Solace

Armand’s First Letter. Amelia’s First Letter.

14 March 1022, 22 Merton Street, Edenford

My dearest cousin Armand,

Edenford is filled with glorious architecture. The colleges look like abbeys and monasteries, their libraries like temples to learning and scholarship, the Cadwallian Library like a cathedral close. I walked past the parish church of St. Roger on my way to the Cadwallian for weeks before discerning that it was in fact a church, and not simply another college building. Every bit of it is is a delight to the eyes.

But I am finding my joy in quite another place—on a back street, in a humble brick structure with tiny round windows rather than majestic expanses of stained glass, and a discreet cross over the doorway instead of a majestic spire. It is the only sanctuary of the Old Religion in all Edenford, and possibly in all of Edenfordshire. Its name is St. Isidore. It is suffered to be here for the use of visiting scholars from abroad, and for a very few students; and now for me.

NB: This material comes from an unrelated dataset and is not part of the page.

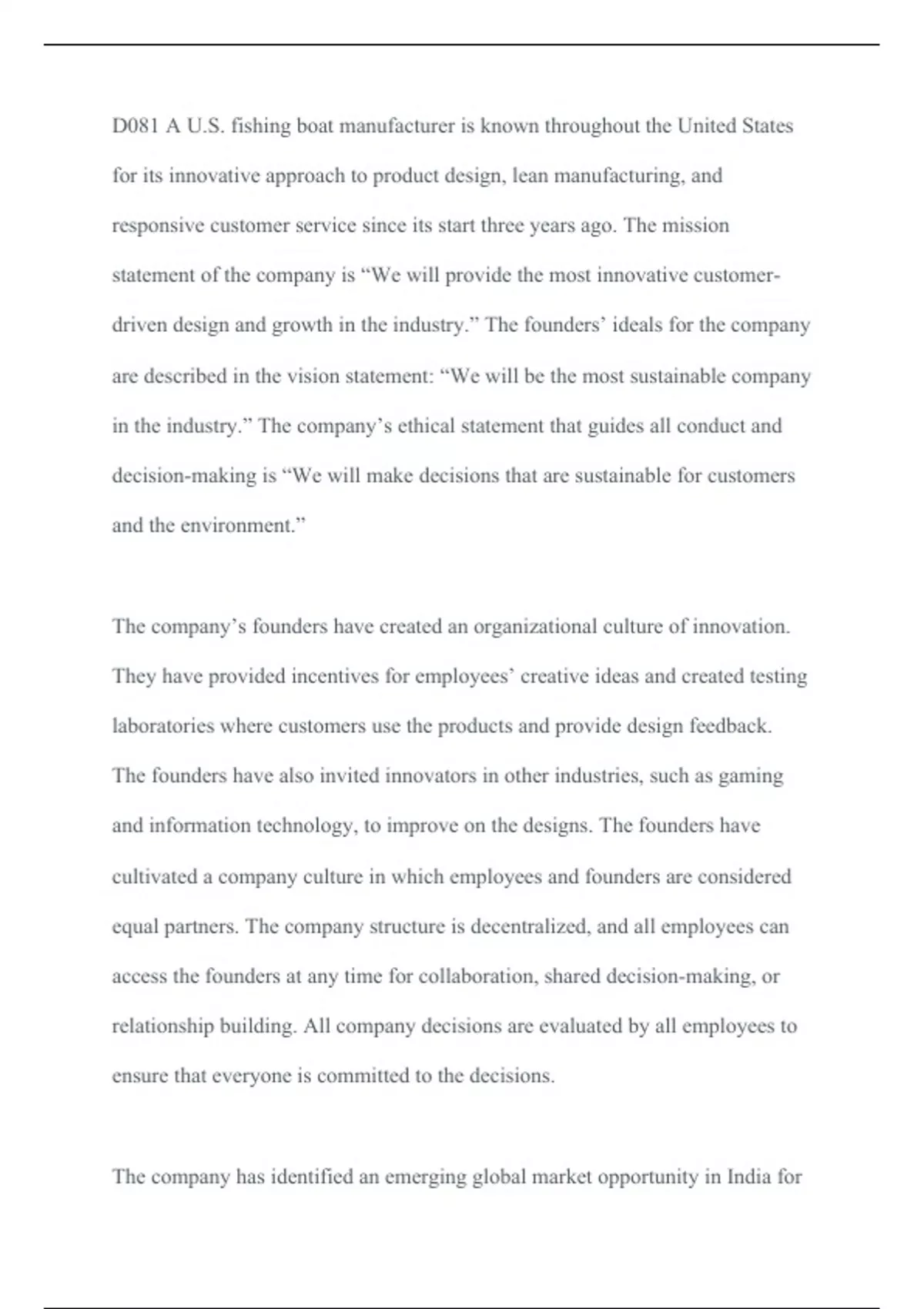 D081 A U.S. fishing boat manufacturer is known throughout the United States for its innova D081 A U.S. fishing boat manufacturer is known throughout the United States for its innovative approach to product design, lean manufacturing, and responsive customer service since its start three years ago. The mission statement of the company is €œWe will provide the most innovative customer-driven design and growth in the industry.€ The founders€™ ideals for the company are described in the vision statement: €œWe will be the most sustainable company in the industry.€ The company€™s ethical statement that guides all conduct and decision-making is €œWe will make decisions that are sustainable for customers and the environment.€ The company€™s founders have created an organizational culture of innovation. They have provided incentives for employees€™ creative ideas and created testing laboratories where customers use the products and provide design feedback. The founders have also in
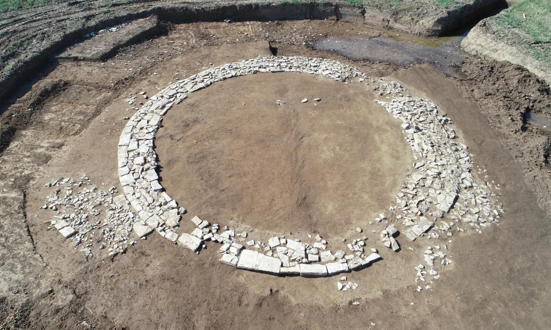 Открытие сделали осенью 2024 года во время строительных работ. Рабочие наткнулись на керамические фрагменты, после чего археологи начали раскопки и выявили огромное каменное основание диаметром около 12 метров. К круглому сооружению примыкал квадратный фундамент — по мнению специалистов, он мог служить основанием для статуи или надгробного памятника.

I have written as if my struggles with my powers and my temper were at an end; as if I have so mastered myself that I may glide through my days with an absolute serenity. I do strive to conduct myself so, outwardly; but within I am frequently a consuming fire. Not even my Maximilian is immune from my inward displeasure—a displeasure I must force down, and express in only the calmest and most placid of ways, lest the burning within become the burning without.

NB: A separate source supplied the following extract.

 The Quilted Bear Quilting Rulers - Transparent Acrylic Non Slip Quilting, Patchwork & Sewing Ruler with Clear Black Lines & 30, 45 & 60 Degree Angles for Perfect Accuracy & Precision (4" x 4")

I could not have done it at L’École without the solace of the chapel; and I cannot do it here without the solace of St. Isidore’s—though my visits take place by daylight rather than in the dark of night. I am daily surrounded by irritation and outrage, from Dr. Peterson’s clumsy advances to the supercilious and condescending air of the clerks at the Cadwallian to my little Jane’s cries and shrieks to my beloved Maximilian’s less pleasant habits.

I am learning to take these things in stride—and in truth, few of them are truly blameworthy. I married my Maximilian knowing that I was marrying his faults as well as his virtues; little Jane is a child with a child’s ways; and to the Cadwallian clerks I am both a woman and an outsider, a fellow of no college. It is their charge to protect the library’s holdings; they would have little more respect for me if I were a don.

Dr. Peterson is a separate case; but him I may gratefully leave to Maximilian’s correction.

The fire wants to rise, Armand; it is only in the Presence that it subsides and is at peace. And, I have discovered, I can find it nowhere else here but at St. Isidore’s. I have visited St. Roger’s, and the chapel at Veronica’s College; and I have found no more solace in those places than in the libraries or quadrangles. I feel no Presence, but only absence.

I wrote you last month that we were compelled to leave our rooms in college, and gave you the reasons, all of them valid reasons; but what truly compelled us was not the will of Dr. Tillotson’s colleagues, but the distance from our rooms to the humble sanctuary of St. Isidore.

I rise early and attend Mass before I begin my work for the day; I often spend an hour there in the afternoon, or longer if the day has been particularly troublesome. It helps, Armand. It brings me balance, and peace, and gives me joy and strength; and this is a very good thing, for incinerating a lecturer in Ancient Cumbrian Literature is not at all the done thing, and would bring shame to my family.

As well as putting an end to my research.

Do pray for me, Armand, I beg of you.